··· SOURCE MATERIAL
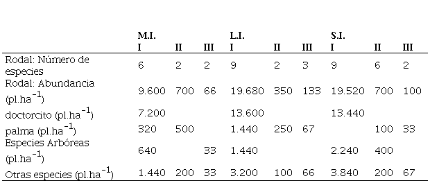 En Tabla 3 se presenta información de la biodiversidad para las zonas de estudio de la plantación, detallada según categorías de tamaño de la regeneración natural. Entre las especies comunes a las tres zonas se destaca “doctorcito”, única especie herbácea perenne que tiene presencia en el sotobosque de manera regular, demostrando su gran capacidad de colonización y de adaptación a diversos niveles de “sombreamiento” y competencia; y la “palma, caranday”, colonizadora de tallo leñoso, abundante y frecuente en toda la Zona Este, húmeda de la provincia de Formosa.
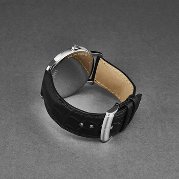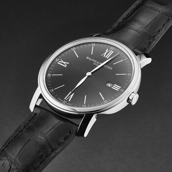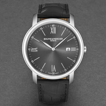 Stainless steel case with a black leather strap. Fixed silver-tone stainless steel bezel. Grey dial with Roman numeral & index hour markers. Dial Type: Analog. Date display at the 3 o'clock position. Quartz (ETA F06.111) quartz movement. Scratch resistant sapphire crystal. Pull / push crown. Solid case back. Round case shape, case size: 42 mm, case thickness: 6 mm. Band width: 22 mm, band length: 8 inches. Tang clasp. Water resistant at 30 meters / 100 feet. Additional Info: hours, minutes, date. Classima Series. Luxury watch style. Baume et Mercier Classima Grey Dial Men's Watch M0A10191.
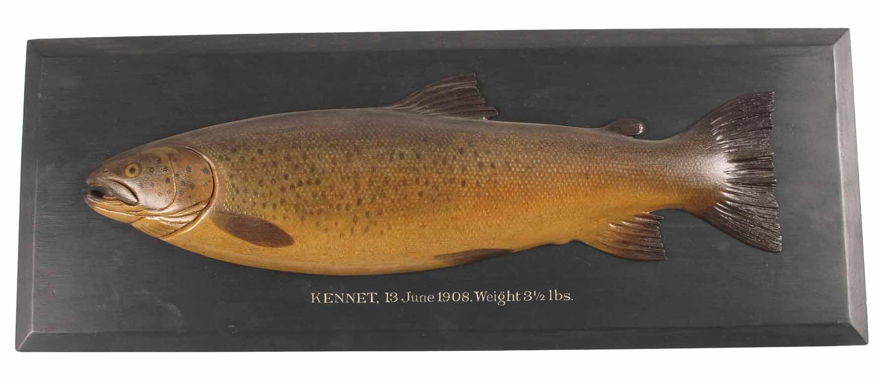 A carved and painted wood Trout half block by G Farlow & Co Ltd, mounted and titled 'KENNET, 13 June 1908. Weight 3½ lbs,' faint stencil to reverse, 9.5in (24cm) h, 25in (63.5cm) w.
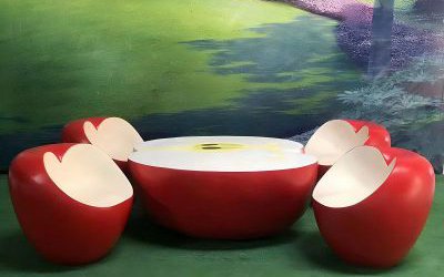 玻璃鋼水果雕塑以仿真、卡通為主,還包括果籃、座椅桌凳、卡通房屋等造型樣式,還可以結合燈光實現發光效果,主要用于庭院園林、采摘園、主要產銷地、游樂場、兒童樂園等地方做景觀或美陳雕塑。
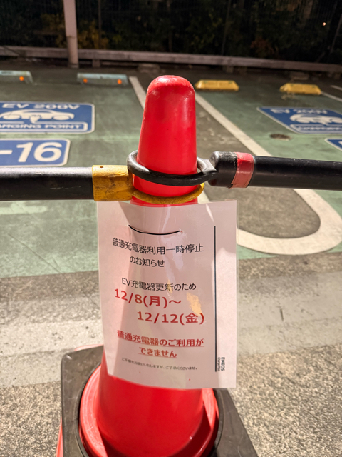 現在、店舗増床工事のため使用可能な普通充電器は4台ですが、今日(10/11)から3日間の昼間は大型クレーン作業のため2台のみ使用可になります。急速充電器は通常通り2台使用可です。
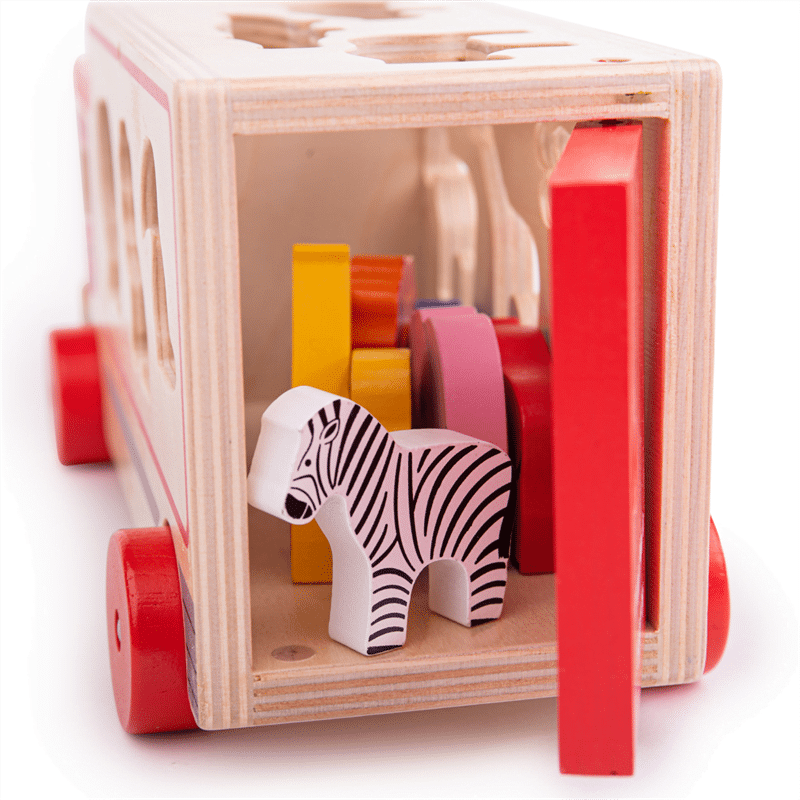 Het formaat van de vrachtwagen is 12,5 cm x 13 cm x 28 cm. Inclusief 9 gekleurde houten dierenfiguren in verschillende vormen. Geschikt voor kinderen vanaf 1 jaar. Het stimuleert de oog – hand coördinatie.
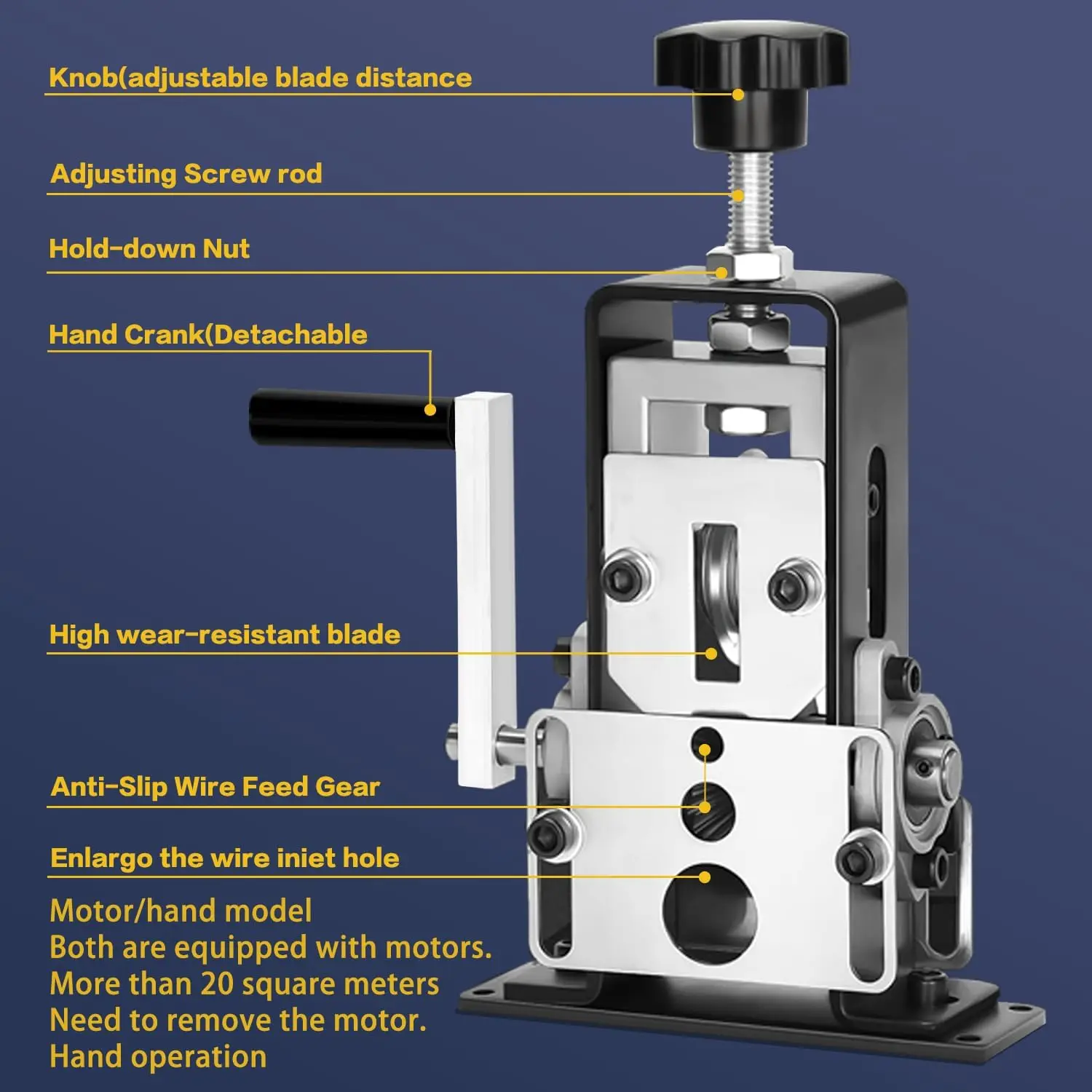 👍[Dual-design Operation Ways]This copper wire stripper offers the flexibility of both motor-driven and hand-cranked operation.With the hand crank, you can conveniently operate the machine manually.If your arms get tired from tedious hand operation, simply connect it to an electric drill via the connector for drill-driven operation.
······
## THE PROBLEM
Keeping the pictures out, print the entries above exactly as written.

## SOLUTION TO THE EXERCISE
 En Tabla 3 se presenta información de la biodiversidad para las zonas de estudio de la plantación, detallada según categorías de tamaño de la regeneración natural. Entre las especies comunes a las tres zonas se destaca “doctorcito”, única especie herbácea perenne que tiene presencia en el sotobosque de manera regular, demostrando su gran capacidad de colonización y de adaptación a diversos niveles de “sombreamiento” y competencia; y la “palma, caranday”, colonizadora de tallo leñoso, abundante y frecuente en toda la Zona Este, húmeda de la provincia de Formosa.
 Stainless steel case with a black leather strap. Fixed silver-tone stainless steel bezel. Grey dial with Roman numeral & index hour markers. Dial Type: Analog. Date display at the 3 o'clock position. Quartz (ETA F06.111) quartz movement. Scratch resistant sapphire crystal. Pull / push crown. Solid case back. Round case shape, case size: 42 mm, case thickness: 6 mm. Band width: 22 mm, band length: 8 inches. Tang clasp. Water resistant at 30 meters / 100 feet. Additional Info: hours, minutes, date. Classima Series. Luxury watch style. Baume et Mercier Classima Grey Dial Men's Watch M0A10191.
 A carved and painted wood Trout half block by G Farlow & Co Ltd, mounted and titled 'KENNET, 13 June 1908. Weight 3½ lbs,' faint stencil to reverse, 9.5in (24cm) h, 25in (63.5cm) w.
 玻璃鋼水果雕塑以仿真、卡通為主,還包括果籃、座椅桌凳、卡通房屋等造型樣式,還可以結合燈光實現發光效果,主要用于庭院園林、采摘園、主要產銷地、游樂場、兒童樂園等地方做景觀或美陳雕塑。
 現在、店舗増床工事のため使用可能な普通充電器は4台ですが、今日(10/11)から3日間の昼間は大型クレーン作業のため2台のみ使用可になります。急速充電器は通常通り2台使用可です。
 Het formaat van de vrachtwagen is 12,5 cm x 13 cm x 28 cm. Inclusief 9 gekleurde houten dierenfiguren in verschillende vormen. Geschikt voor kinderen vanaf 1 jaar. Het stimuleert de oog – hand coördinatie.
 👍[Dual-design Operation Ways]This copper wire stripper offers the flexibility of both motor-driven and hand-cranked operation.With the hand crank, you can conveniently operate the machine manually.If your arms get tired from tedious hand operation, simply connect it to an electric drill via the connector for drill-driven operation.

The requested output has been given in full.